Leprechauns Are Cute Little Elves

Stop right there, turn around slowly, and DROP that picture in your mind of the little guy on the Lucky Charms cereal box. That jolly little imp, and his counterparts on greeting cards, pub signs, and your Aunt Margaret's stationery, bears almost no resemblance to the leprechauns of Irish mythology. To borrow a phrase from a long-dead philosopher writing about something entirely different, they were "nasty, brutish, and short." Leprechauns were grumpy, alcoholic, insufferable elves in the employ of Irish fairies. They made shoes for fairies (hence their depiction as cobblers) and guarded their treasure which to the leprechauns' eternal frustration was revealed occasionally to mortals by a rainbow. Somewhere in the course of the Irish American experience, the leprechaun took on the characteristics of the loveable, but ultimately contemptible, stage Irishman.

"Luck of the Irish" Refers to the Abundance of Good Fortune Long Enjoyed by the Irish

Really? What sort of luck is it that brings about 1,000 years of invasion, colonization, exploitation, starvation and mass emigration? In truth, this term has a happier, if not altogether positive, American origin. During the gold and silver rush years in the second half of the 19th century, a number of the most famous and successful miners were of Irish and Irish American birth. For example, James Fair, James Flood, William O'Brien and John Mackay were collectively known as the "Silver Kings" after they hit the famed Comstock Lode. Over time this association of the Irish with mining fortunes led to the expression "luck of the Irish." Of course, it carried with it a certain tone of derision, as if to say, only by sheer luck, as opposed to brains, could these fools succeed.

Mc and Mac Distinguish One as Either Irish or Scottish

Both terms designate a person's ancestry. Mac is the Gaelic term for son and Mc is merely a shorthand version. Lord Blarney, for example, Cormac Mac Carthaig (McCarthy), was son of Carthaig. Neither "Mc" nor "Mac" signify an Irish or Scottish name. Both Mac and its contraction Mc are found in the traditional Gaelic societies of Scotland and Ireland.

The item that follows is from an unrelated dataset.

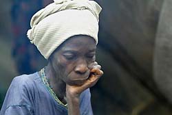 Donweh Bar props up her skeletal frame, wizened beyond her 48 years, with spindly arms wrapped around a twisted cane. Nearby a toddler with protruding belly and ribs eats a few grains of corn meal from her mother's hand.
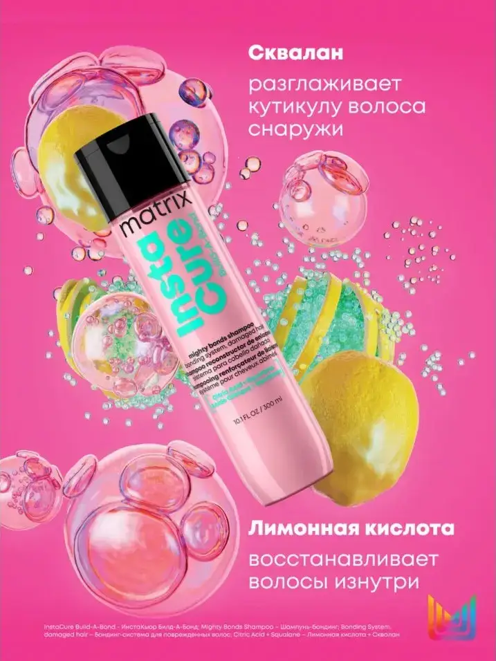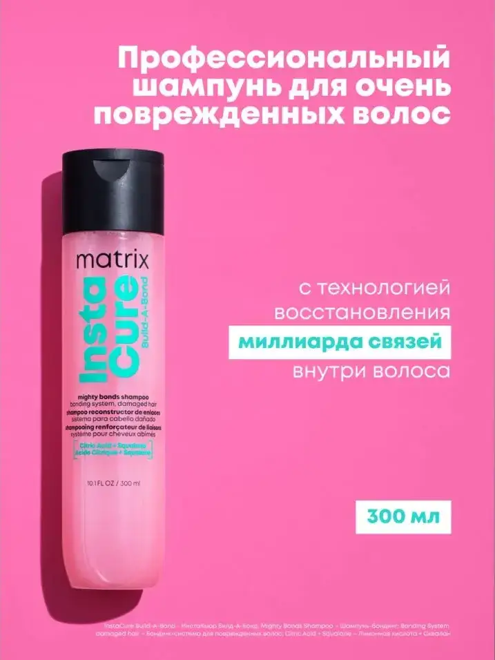 Профессиональный бессульфатный шампунь для восстановления поврежденных волос Instacure Build-A-Bond (Инстакьюр Билд-А-Бонд) подходит тем, кто думает, что волосы уже не спасти. Технология восстановления миллиарда связей внутри волос делает их в 8 раз* сильнее.

And while we're at it, what's with all those O's? "O" is the Gaelic word for grandson. The apostrophe, which suggests a contraction, is a legacy of British colonialism. Misguided English bureaucrats assumed the O stood for the word "of" (as in "crack o' dawn") and added the apostrophe when compiling official records and census data. Over the centuries, many families dropped the O', which accounts for the existence of both O'Sullivan and Sullivan, O'Mahoney and Mahoney, etc. In recent decades many people in Ireland, and a few in the States, have dropped the apostrophe in favor of the more traditional spelling.

Edward O'Donnell is an Associate Professor of History at Holy Cross College. He is the author of 1001 Things Everyone Should Know About Irish-American History (Broadway Books).